Sorry, mein lieber Kaffirahm, aber es gibt sowas wie eine Verhältnismässigkeit. Das heisst das Ausmass der Strafe muss dem Ausmass des Verbrechens angepasst sein. Und dies ist, meiner Meinung nach in diesem Falle überhaupt nicht gegeben. Schon nicht bei den 15 Jahren, geschwiege denn bei den kummulierten 75. Faktisch hat er eine Sachbeschädigung gemacht. Ob das gleichzeitig eine Beleidigung des Königs ist, kann man sich fragen. Ich würde dem sogar noch zustimmen. Aber ob man eine Beleidigung (oder auch eine Kritik) an einem König als grösseres Übel auffassen kann als beispielsweise einen Mord, wage ich sehr zu bezweifeln. Das wird noch umso absurden, wenn diese fünf "Verbrechen" schlussendlich kummulliert werden. Denn auch wenn er fünf Plakate besprayt hat, ist das immer noch erst EINE Handlung. Der König wird nicht mehr beleidigt, nur weil es mehr Plakate sind. Und das ist es, worum es mir hier geht, wenn ich von einer Verhältnismässigkeit spreche.

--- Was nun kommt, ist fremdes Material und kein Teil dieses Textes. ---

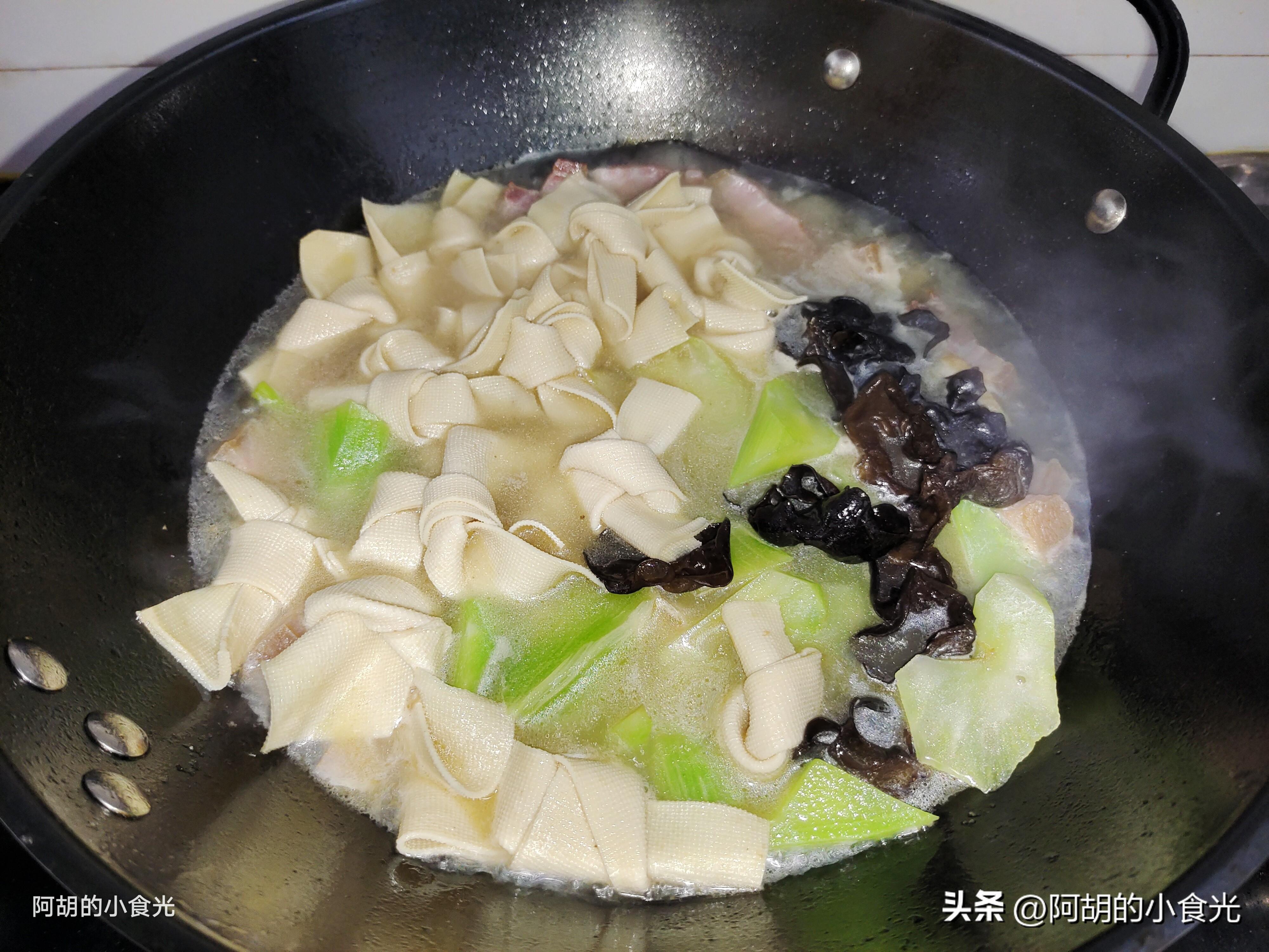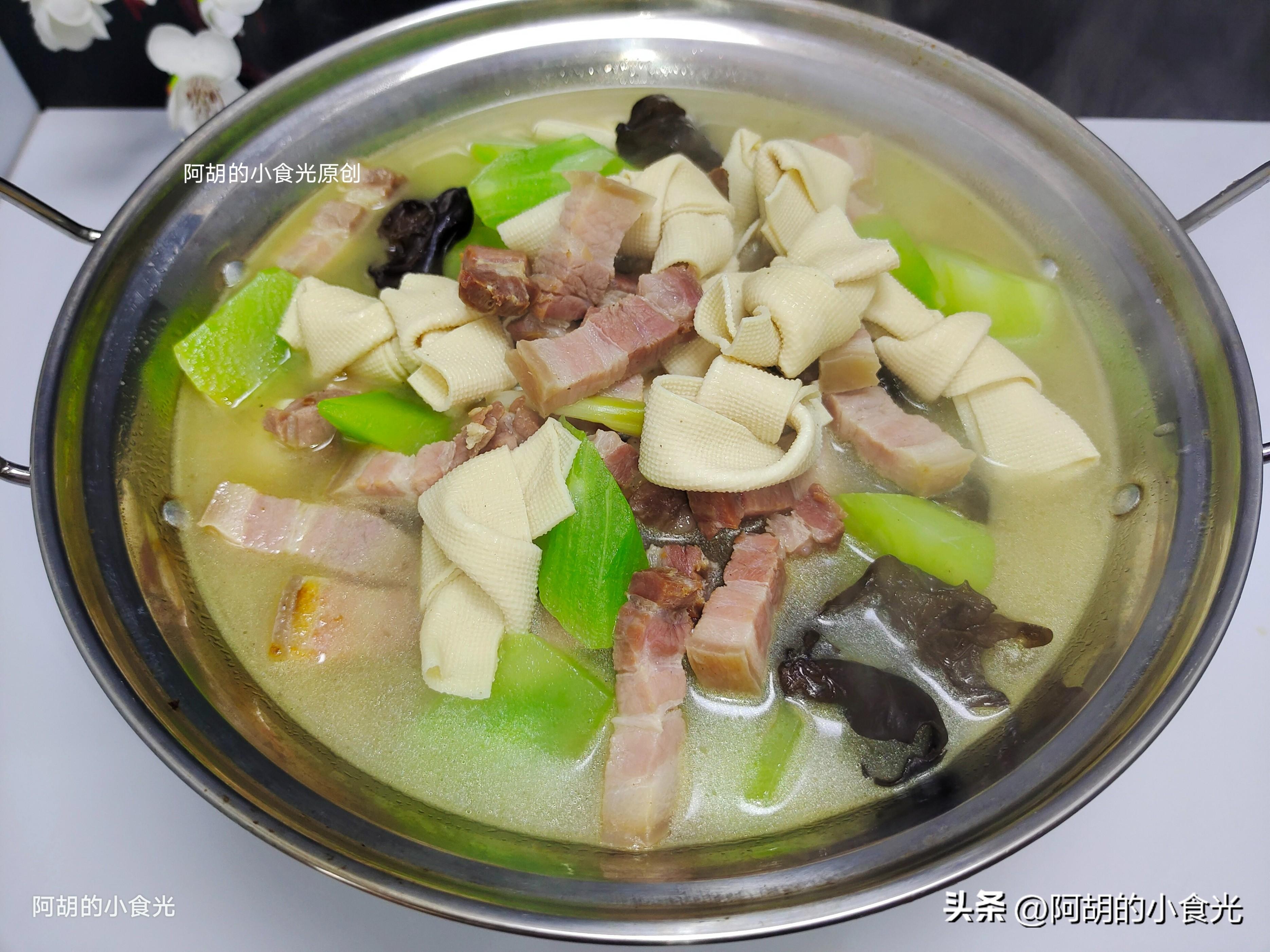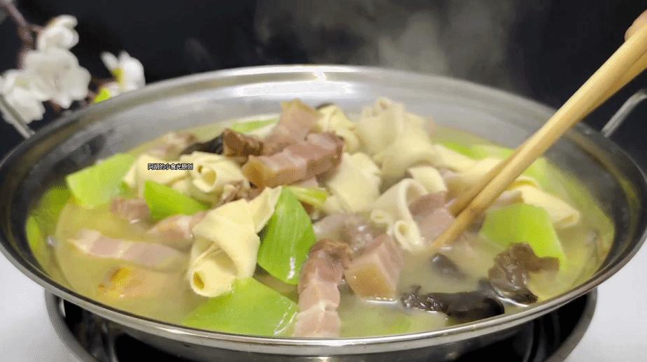 第四步:轉爲最大火煮一煮,讓湯汁呈現一些白色。而後把千張結、木耳和萵筍一塊倒入湯汁中,就這樣保持大火加蓋燉煮10分鐘左右,讓鹹肉的鹹香和各食材的鮮味充分地釋放出來。
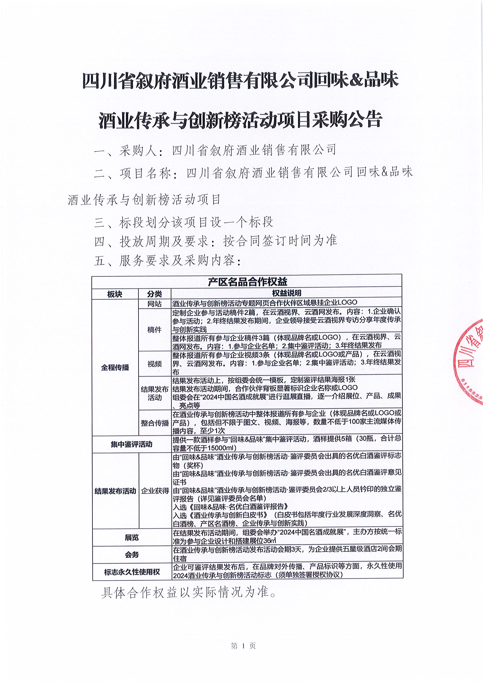 四川省敘府酒業(yè)銷售有限公司回味&品味酒業(yè)傳承與創(chuàng)新榜活動采購項目單一來源采購公告
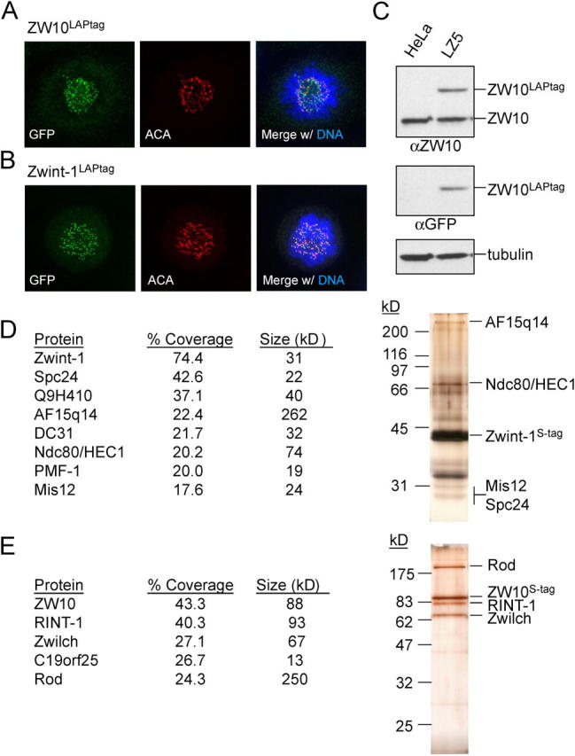 Williams, Zwilch, a new component of the ZW10/ROD complex required for kinetochore functions. 2003, Pubmed
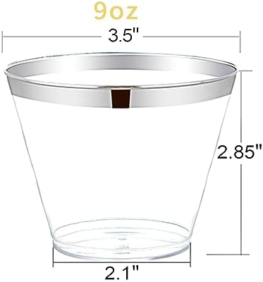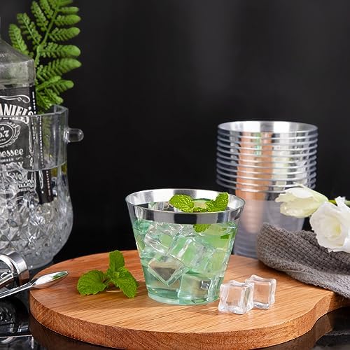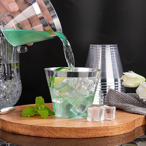 Hioasis 200pcs Silver Plastic Cups Disposable, 9oz Clear Plastic Tumblers Cups with Silver Trim, Clear and Silver Party Cups Pefect for Wedding & Party
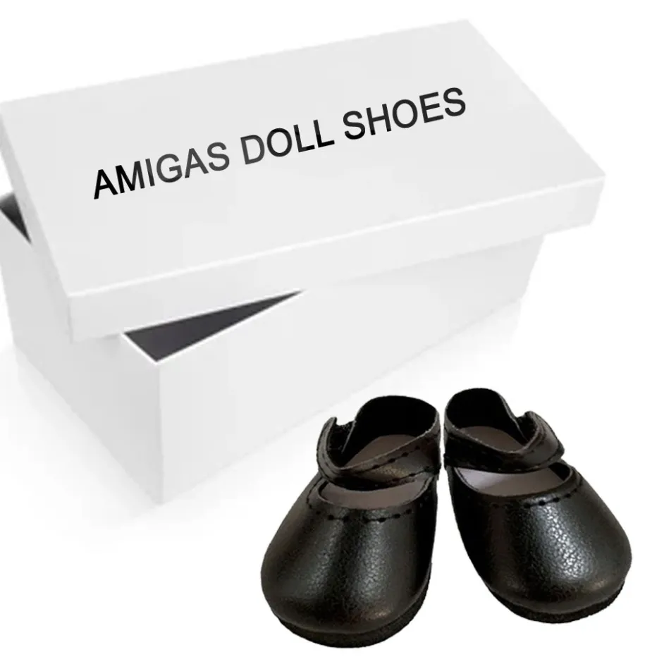 Schwarze Schuhe von Paola Reina. Die Schuhe haben einen Riemenverschluss und passen hervorragend zu den (las) Amigas-Puppen.

Wo ich Dir aber zustimme: Dass der Mann besoffen war, ist natürlich keine Entschuldigung. Höchstens vielleicht ein etwas mildernder Umstand. Und dass diese Person auch im nüchternen Zustand nicht viel in der Birne hat, mag sehr gut möglich sein. Ich kenne ihn nicht. Aber ob man nun diesen Mann und seine Einstellungen mag oder nicht, dies sollte in einem Rechtsstaat eigentlich keine Rolle spielen.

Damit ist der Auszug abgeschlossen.